Intanto la nevicata sembrava essere diminuita di intensità, e una particolare quiete avvolgeva la stanza, interrotta solamente dal motivo che accompagnava i titoli di coda di “Dallas” che, in lontananza, scorrevano sul televisore.
“Quella forza della natura avrebbe messo in difficoltà anche il diavolo in persona, sul ring”, disse all’improvviso Gene con voce rotta dalla commozione, “è stato un vero peccato che sia finita così in anticipo la sua corsa terrena
Harry Greb spirò a soli trentasei anni il 22 ottobre 1926, ad Atlantic City, a seguito di complicazioni seguite a un’operazione per rimuovere un frammento di un osso dal naso, conseguenza di un incidente automobilistico avvenuto a Pittsburgh, un paio di settimane prima.

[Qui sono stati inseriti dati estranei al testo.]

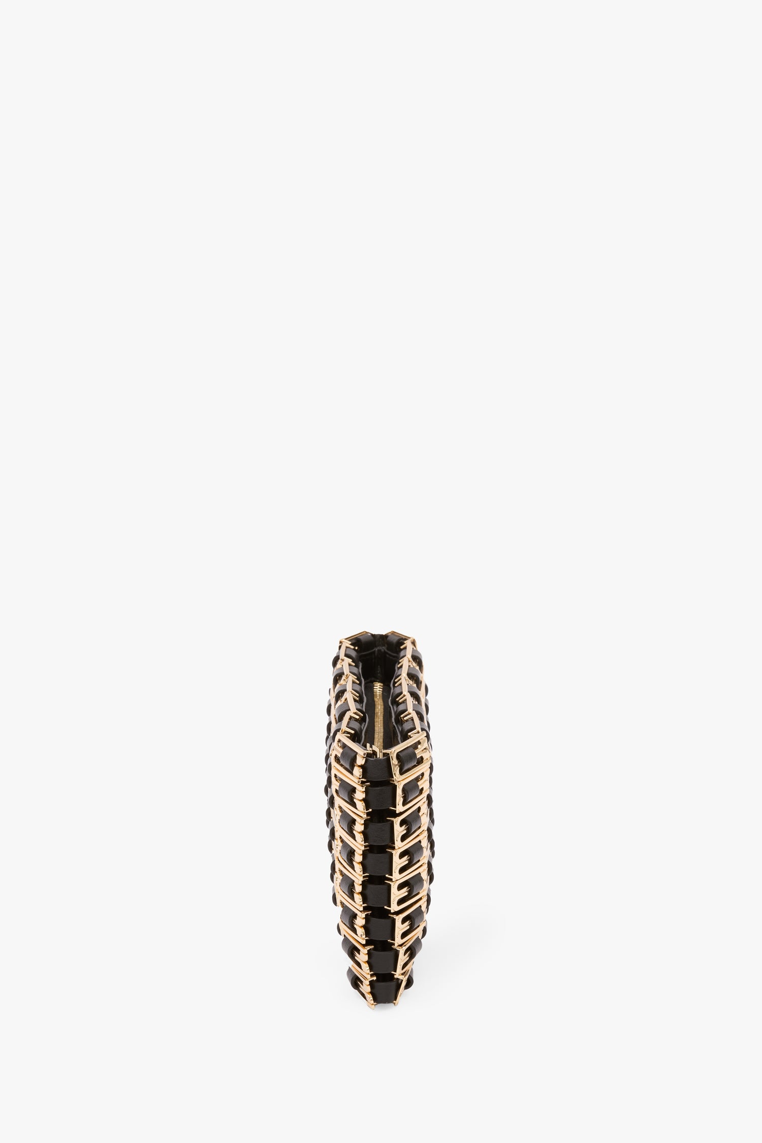 Woven calf leather brings a modern tactility to the Woven Dorian Pouch in Black. Designed with a zip top closure, internal flat pocket and leatherette suede lining, it is finished with attractive brass hardware.

Al suo funerale, Gene Tunney fu fra coloro che trasportarono la bara di Greb.
*
Vista l’ora, i due anziani pazienti del Greenwich Hospital decisero che era arrivato il momento di far ritorno nelle rispettive stanze.
In silenzio, a passi lenti, uscirono dalla sala comune e si incamminarono lungo il corridoio.
“D’altra parte, Mark”, disse all’improvviso Gene voltandosi verso l’amico “conosci qualcuno a cui piacerebbe vedere invecchiare un gatto selvaggio?”